1) What is the Equilibrium temperature distributions if α > 0?
2) Assume α > 0, k=1, and L=1, solve the PDE with initial condition u(x,0) = x(1-x)

Homework Equations

du/dt = k(d^2u/dx^2) - (α*u)

The Attempt at a Solution

I got u(x) = [(α*u*x)/2k]*[x-L] for Part#1 but this was told to be wrong

Part #2 I got α*u = -2, Also wrong.

Any insight how to correct this?

 

[AdkinsJr]

With the equilibrium condition you should just have a ODE.

$$\frac{d^2u}{dx^2}-\frac{a}{k}u=0$$

 

[HallsofIvy]

Homework Statement

1) What is the Equilibrium temperature distributions if α > 0?
2) Assume α > 0, k=1, and L=1, solve the PDE with initial condition u(x,0) = x(1-x)

Homework Equations

du/dt = k(d^2u/dx^2) - (α*u)

The Attempt at a Solution

I got u(x) = [(α*u*x)/2k]*[x-L] for Part#1 but this was told to be wrong

Yes, it certainly is!
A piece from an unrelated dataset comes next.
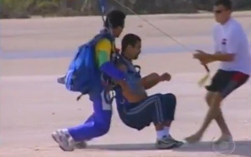 Participante chegando de paraquedas no 'No Limite - Fase Metal', em 2001

How did you get that function?

Part #2 I got α*u = -2, Also wrong.

Any insight how to correct this?

An "equilibrium" solution is one that no longer changes: du/dt= 0 so the partial differential equation becomes k d^2u/dx^2- au= 0, a linear, homogeneous, second order, ordinary differential equations. If you are taking a course in "partial differential equations", you certainly should know how to solve such an equation.